Miller wasn't surprised by what happened, though, given her experience.
"These things have been bubbling under the surface," she said. "And when we talk about racial healing and racial understanding, as a black woman who grew up in the South, I am not surprised by what I saw. Not at all surprised by it."
All schools selected were awarded $30,000 to get their racial healing centers started. Other colleges and universities chosen include Spelman, Duke and Rutgers.
Miller said Hamline was told this week the school was picked for the project.
"It's coincidence that it comes out at the same time this other event is going on. But it gives us another way of coming into this problem," she said. "It gives us another way of engaging people. It gives us another way of showing them what we're talking about and not just talking about it."
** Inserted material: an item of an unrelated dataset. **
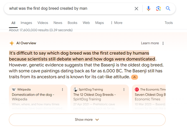 SGE (AI Overviews) is basically an evolution on featured snippets using passage ranking as defined by Liz Reid, head search at Google: “This approach is highly effective. Overall, our tests show that our accuracy rate for AI Overviews is on par with another popular feature in Search — featured snippets — which also uses AI systems to identify and show key info with links to web content.”
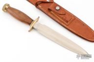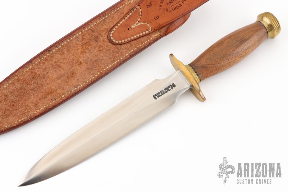 The Model 2-7 by Randall Made Knives is a heavily made dagger or dirk. Brass guard with scalloped collar, walnut handle, brass scalloped butt cap, black spacers. Double edged satin finished blade, .237" blade stock and 1.305" blade depth, hidden tang construction. Comes with a Johnson Roughback brown leather sheath. Excellent condition.

How the center will work isn't completely clear yet. Miller said officials are still in the planning process, and the center will partner with organizations beyond the campus in the greater Twin Cities and the state.
A working group from Hamline will meet with the other schools in the project next month, and will begin to develop a guide for how the centers across the country will work.
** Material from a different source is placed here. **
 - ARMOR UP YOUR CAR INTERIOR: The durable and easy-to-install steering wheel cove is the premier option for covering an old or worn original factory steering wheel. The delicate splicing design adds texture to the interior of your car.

"If we don't have those conversations, if we don't come to some sort of understanding, I fear that we could return to some pretty dark days," Miller said. "We don't want just the conversation. We want something that comes out of this that's meaningful, that's tangible."
Funding for the first-of-their-kind centers comes from the Newman's Own Foundation and the W.K. Kellogg Foundation. A complete list of schools is on the AAC&U's website.